Yes, I’ve read and heard the redundancy of comments of why aren’t we talking about young men who get killed in gang shootings, or people who are innocent victims of drive-by shootings every day. Some of us do have a say about this, but probably not enough of us to make a difference. Sometimes we are afraid to talk about it at because of our cultural denial that we live in a dangerous society that we have allowed to become more and more violent year after year. Some fear that without carrying a handgun that we will be in grave danger. In some parts of most any city, or town, that fear is probably legitimate. But it is we who allow such conditions to become that dangerous from remaining silent. It is we who don’t demand change from our publically elected officials that they make our culture safer. Some of these officials- if not a majority of them- will argue that this is exactly what they are doing by advancing laws that allow far greater freedom to allow anyone who is not a criminal to carry firearms. That has automatically become the by-line of those who say they are protecting my Second Amendment rights.

I am doubtful of this claim as I read that amendment, though this is not my point. My point is about the violence that is being done every hour of every day in our society.

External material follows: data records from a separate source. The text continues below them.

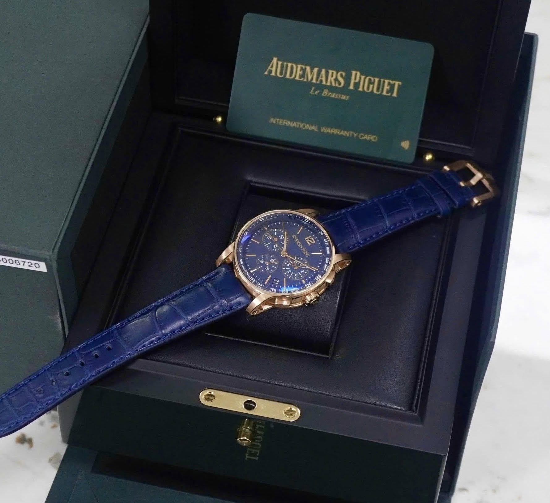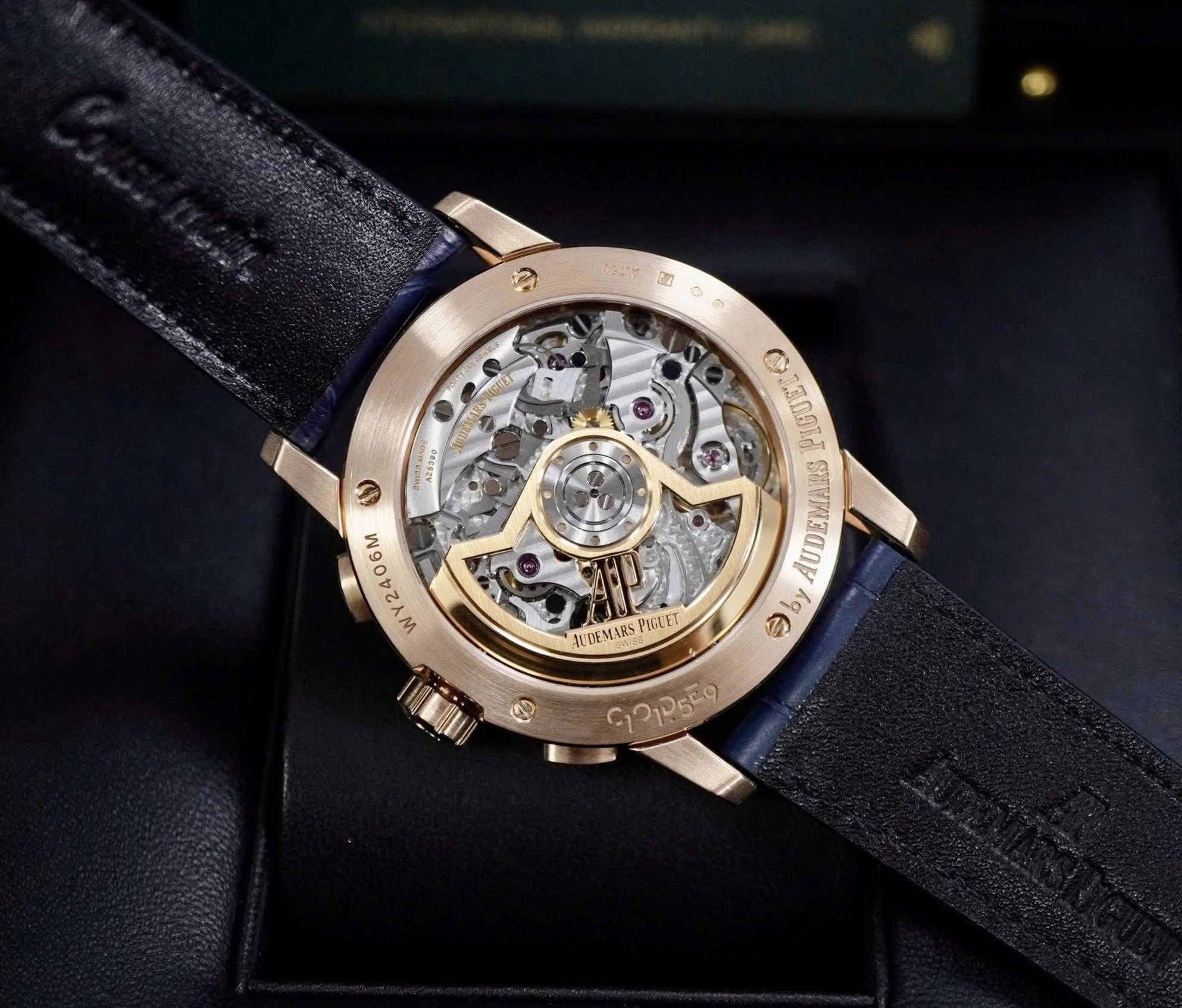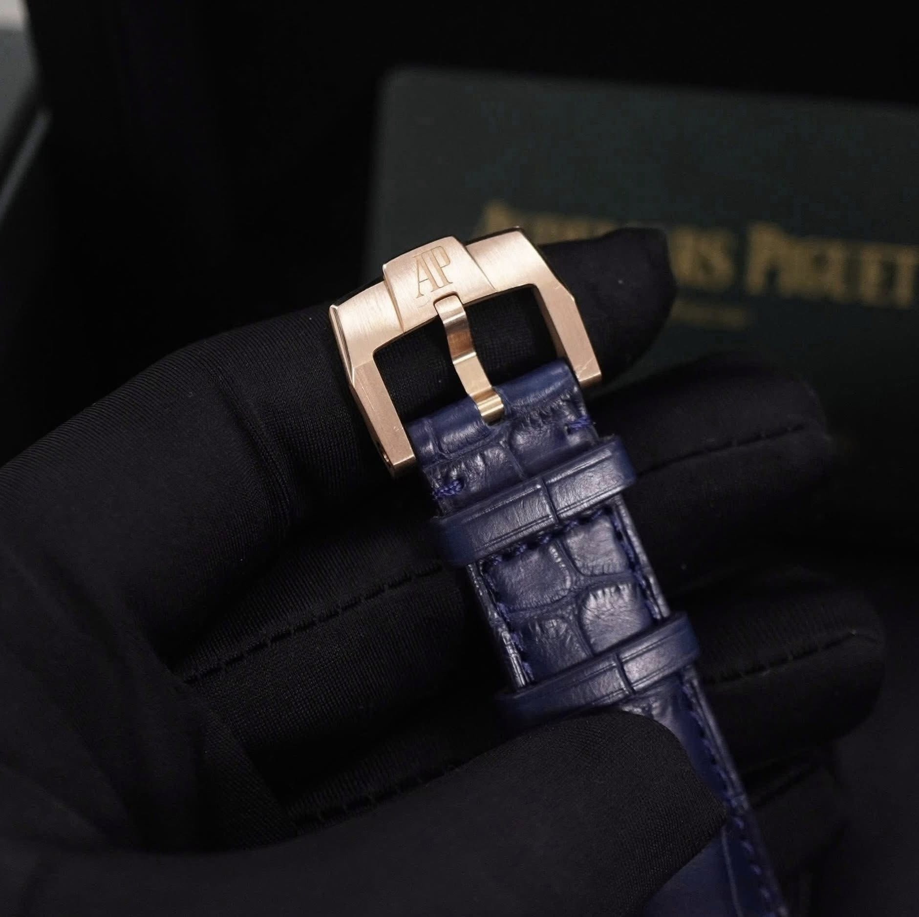Bên trong là bộ máy automatic in-house với chức năng chronograph, đảm bảo độ chính xác cao cùng hiệu năng ổn định – đúng với tiêu chuẩn chế tác khắt khe của Audemars Piguet.
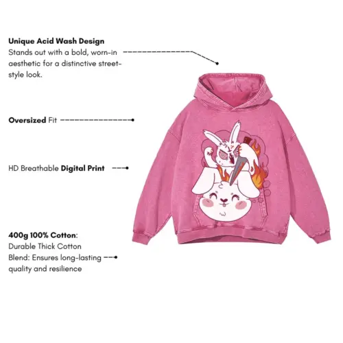 Angryrabbit Acid Wash Oversized Pink Hoodie
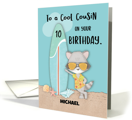Custom Name Age 10 Cousin Birthday Beach Funny Cool Raccoon Sunglasses
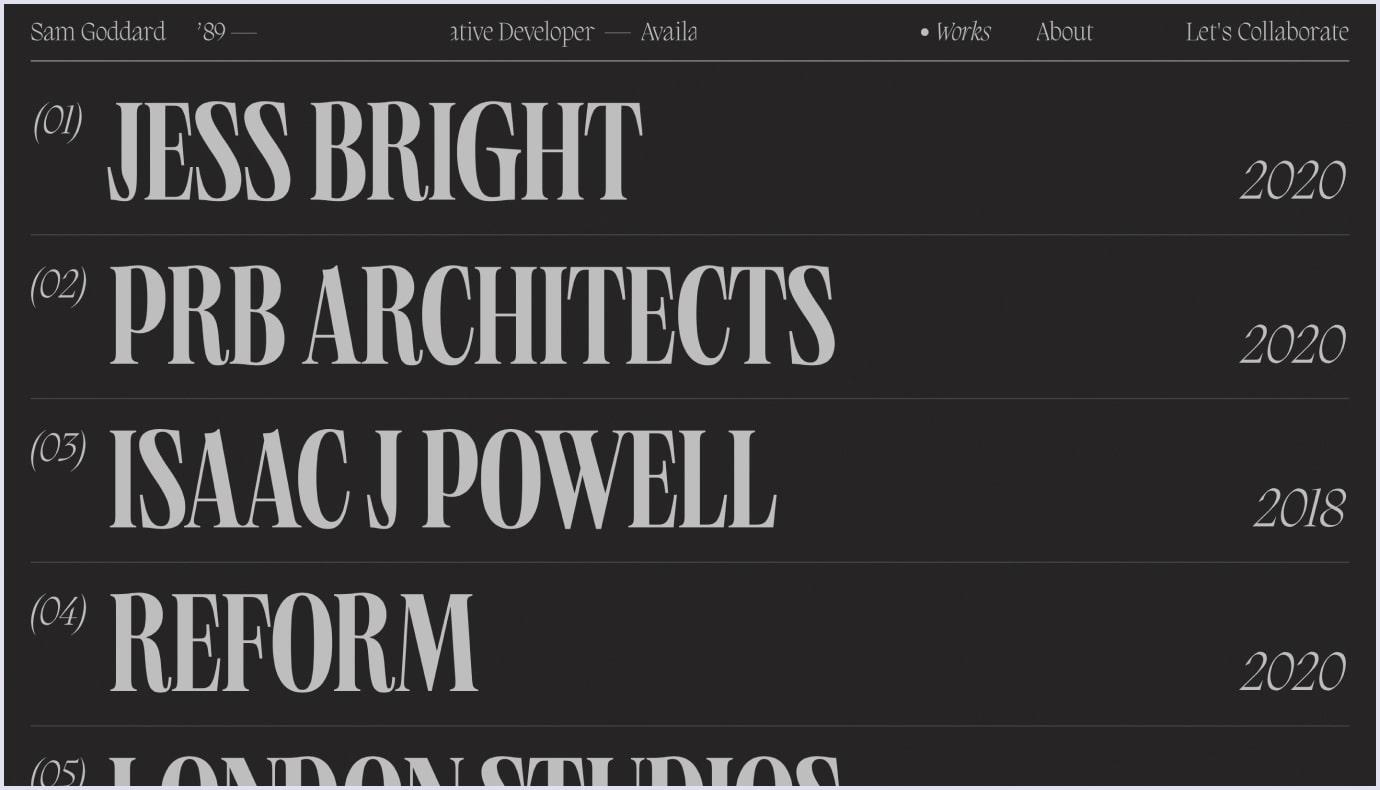 Một ví dụ tuyệt vời khác về xu hướng giao diện người dùng này mà chúng ta có thể thấy trên trang web của nhà phát triển sáng tạo Sam Goddard.
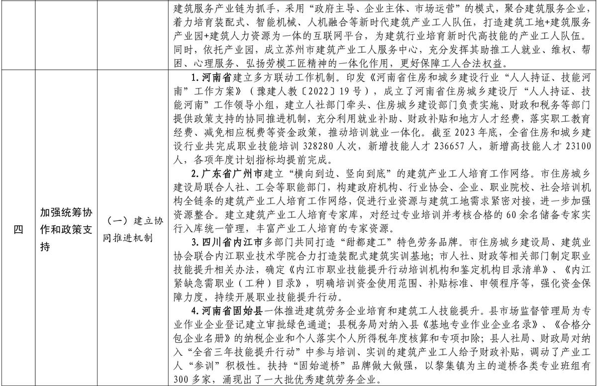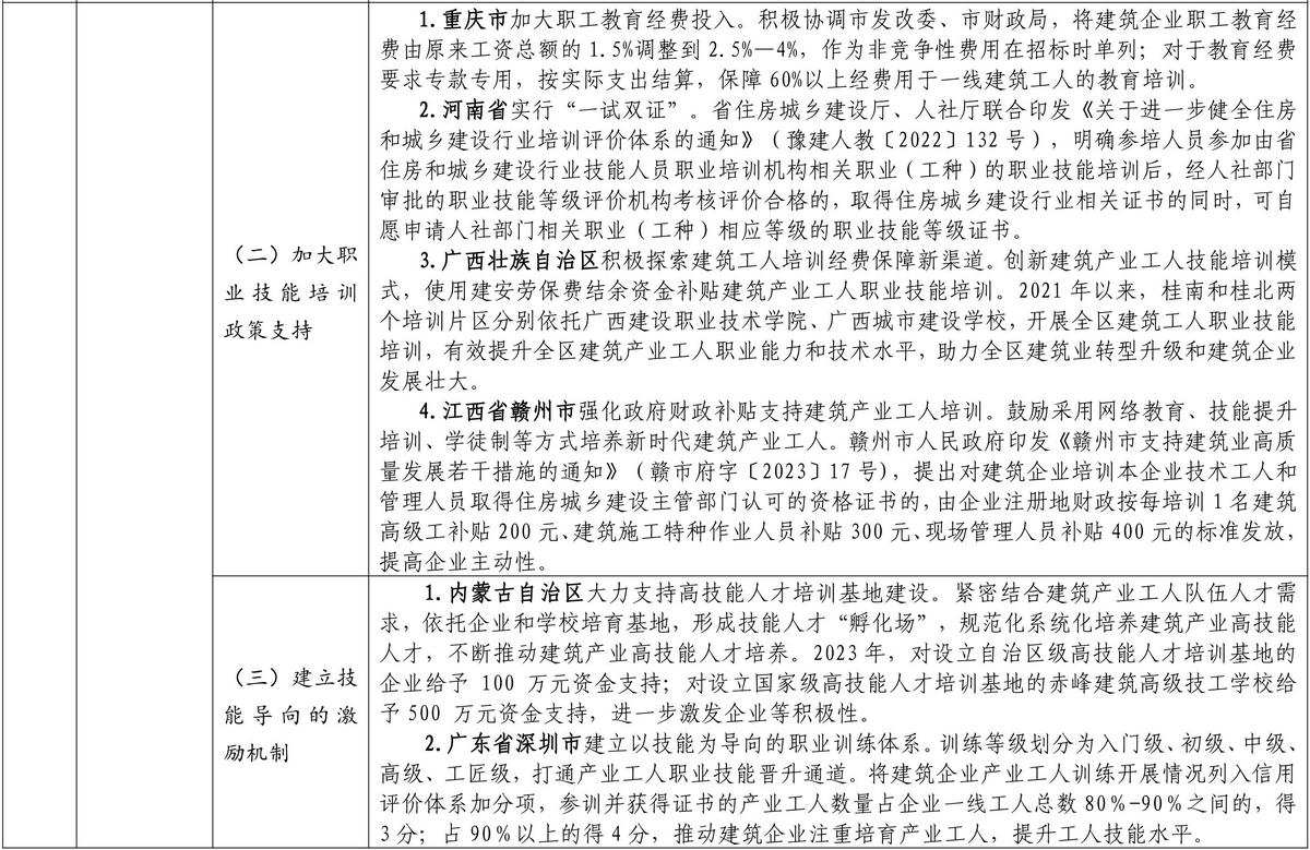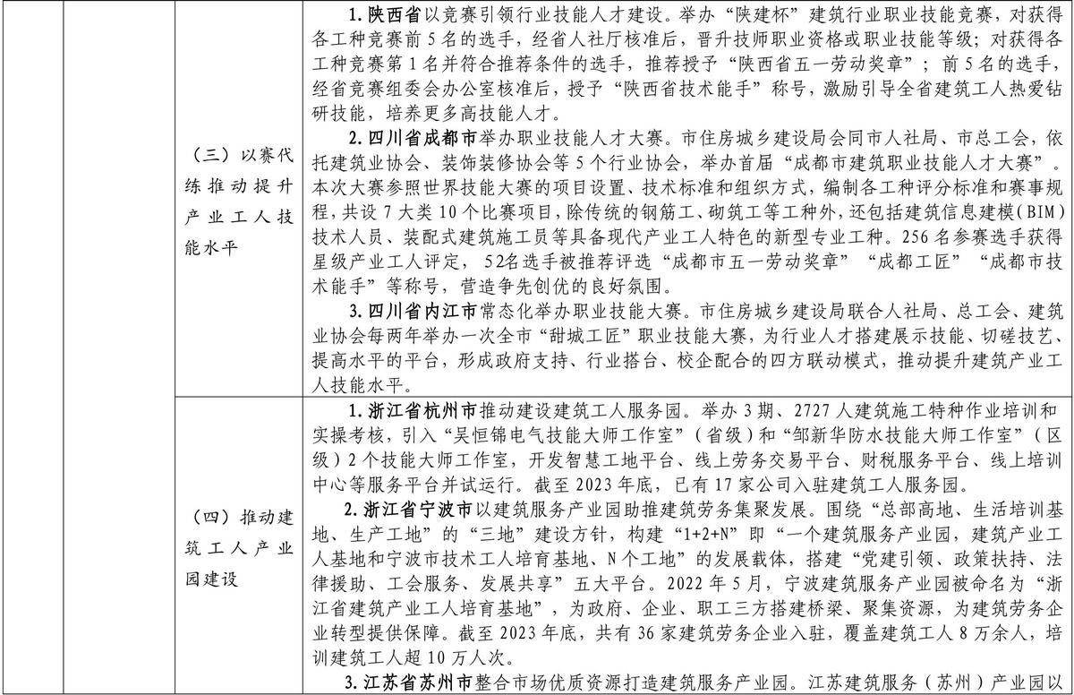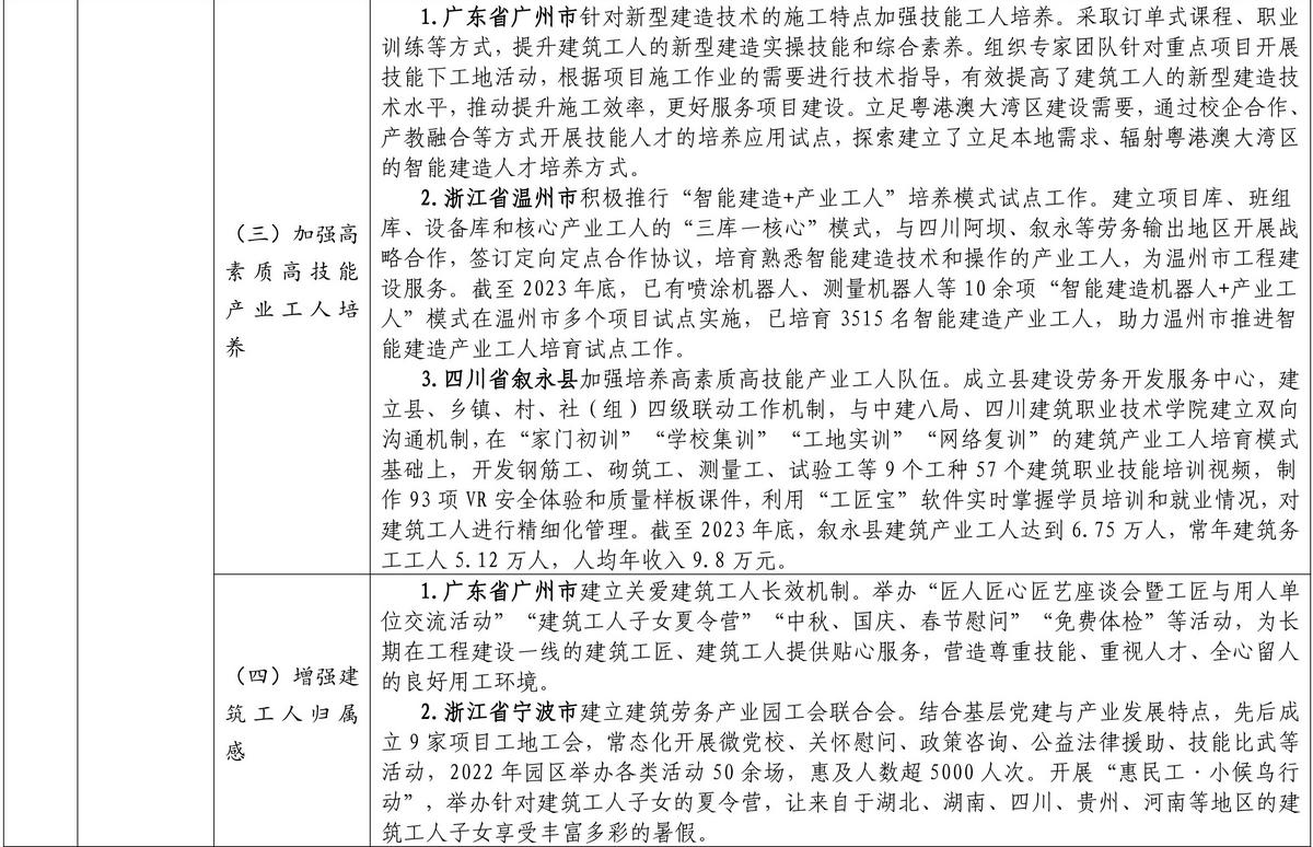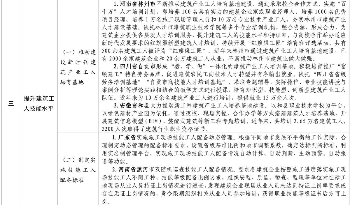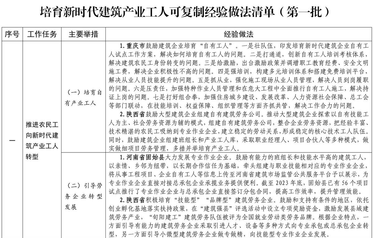 按照《住房和城鄉(xiāng)建設部等部門關于加快培育新時代建筑產(chǎn)業(yè)工人隊伍的指導意見》要求,各地圍繞推進農(nóng)民工向新時代建筑產(chǎn)業(yè)工人轉型、完善建筑工人實名制管理、提升建筑工人技能水平、加強統(tǒng)籌協(xié)作和政策支持、保障建筑工人合法權益等方面,積極探索、大力推進新時代建筑產(chǎn)業(yè)工人隊伍建設,取得了積極成效。近日,住房和城鄉(xiāng)建設部印發(fā)培育新時代建筑產(chǎn)業(yè)工人可復制經(jīng)驗做法清單(第一批)。

The old cliché that “people kill people, not guns,” rings hollow against the abuses within our society. It has always been a poor argument at best. The connecting dots of the abused who have become abusers, of the sexually abused who have become addicted to sex is well documented by vast amounts of research; brain science and therapeutic tracking. This is not a new phenomenon. Are we not to rightfully expect a violent culture when we perpetuate it in such radical fashion? When we continue to allow violence as a weapon of abuse?

Trayvon Martin is the unfortunate victim of a gun tragedy. George Zimmnerman is a victim, also. He probably would not have responded with violence if he had not felt fearful. I live in a neighborhood where we have a neighborhood watch. It is not the first such neighborhood that I have lived in. I feel safe, though we have had a share of robberies, some domestic violence, and even a violent crime or two. It is not wrong to be watchful. Nor is it wrong to use the prompt response time of the police and to take down factual information of a crime being committed. The response time in Florida was rapid. Trayvon Martin would have surely been found inside a gated community. Whether his death was an act of vigilantism, or self-defense will be for courts to decide. More is the pity that it all came to this with a needless death. Two lives are ruined one way or the other. One is lost forever.

Will we remain silently watching and grow more fearful and eventually feel we need a gun? Will we sit back and let more laws be passed that cause more violence in a violent culture? It is in our ancestry as a nation to do so. It seems part of our gene pool as Americans. But must it remain this way? Will we sit still and allow sexual, physical, emotional, and spiritual violence to be acted upon others? Abuse of all of these forms is all around us.

The jury is out on these questions. It is out on us.